=== Exercise brief ===
Type out the listing below exactly. Pictures stay out of it.

┌─ Data provided

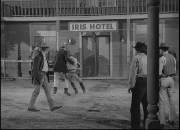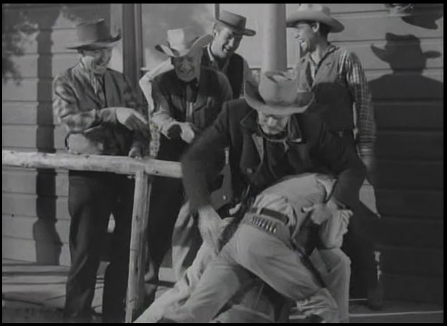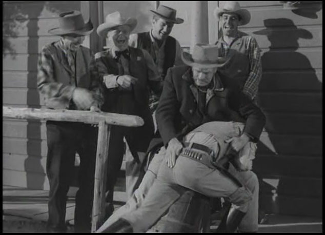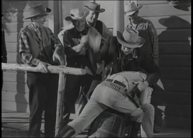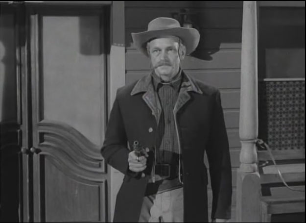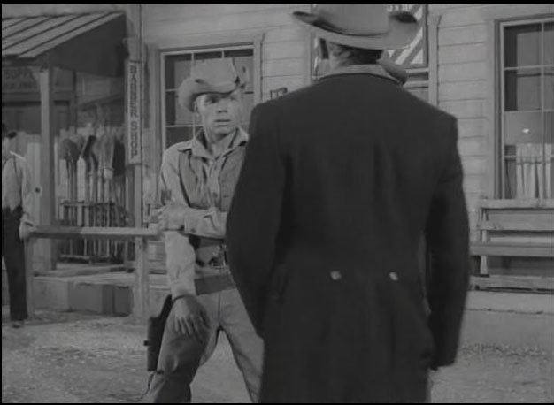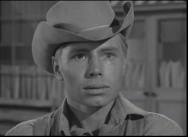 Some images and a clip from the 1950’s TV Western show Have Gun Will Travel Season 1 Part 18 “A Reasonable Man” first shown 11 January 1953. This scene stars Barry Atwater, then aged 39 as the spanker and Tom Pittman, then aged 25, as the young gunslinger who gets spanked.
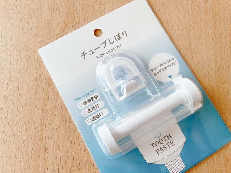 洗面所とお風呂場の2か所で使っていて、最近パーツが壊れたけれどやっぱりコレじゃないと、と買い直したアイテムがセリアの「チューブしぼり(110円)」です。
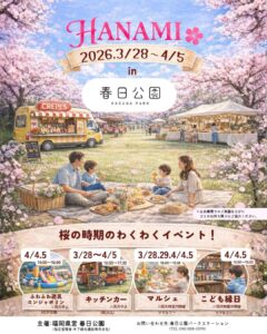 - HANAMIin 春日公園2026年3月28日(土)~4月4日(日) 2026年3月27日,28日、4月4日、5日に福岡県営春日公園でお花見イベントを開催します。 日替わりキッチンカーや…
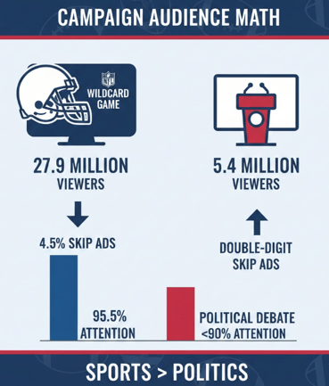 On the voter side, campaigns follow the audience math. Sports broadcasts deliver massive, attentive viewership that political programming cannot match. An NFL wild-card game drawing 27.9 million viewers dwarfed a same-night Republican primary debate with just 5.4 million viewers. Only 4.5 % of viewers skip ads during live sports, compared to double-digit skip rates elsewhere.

└─

=== Exercise response ===
 Some images and a clip from the 1950’s TV Western show Have Gun Will Travel Season 1 Part 18 “A Reasonable Man” first shown 11 January 1953. This scene stars Barry Atwater, then aged 39 as the spanker and Tom Pittman, then aged 25, as the young gunslinger who gets spanked.
 洗面所とお風呂場の2か所で使っていて、最近パーツが壊れたけれどやっぱりコレじゃないと、と買い直したアイテムがセリアの「チューブしぼり(110円)」です。
 - HANAMIin 春日公園2026年3月28日(土)~4月4日(日) 2026年3月27日,28日、4月4日、5日に福岡県営春日公園でお花見イベントを開催します。 日替わりキッチンカーや…
 On the voter side, campaigns follow the audience math. Sports broadcasts deliver massive, attentive viewership that political programming cannot match. An NFL wild-card game drawing 27.9 million viewers dwarfed a same-night Republican primary debate with just 5.4 million viewers. Only 4.5 % of viewers skip ads during live sports, compared to double-digit skip rates elsewhere.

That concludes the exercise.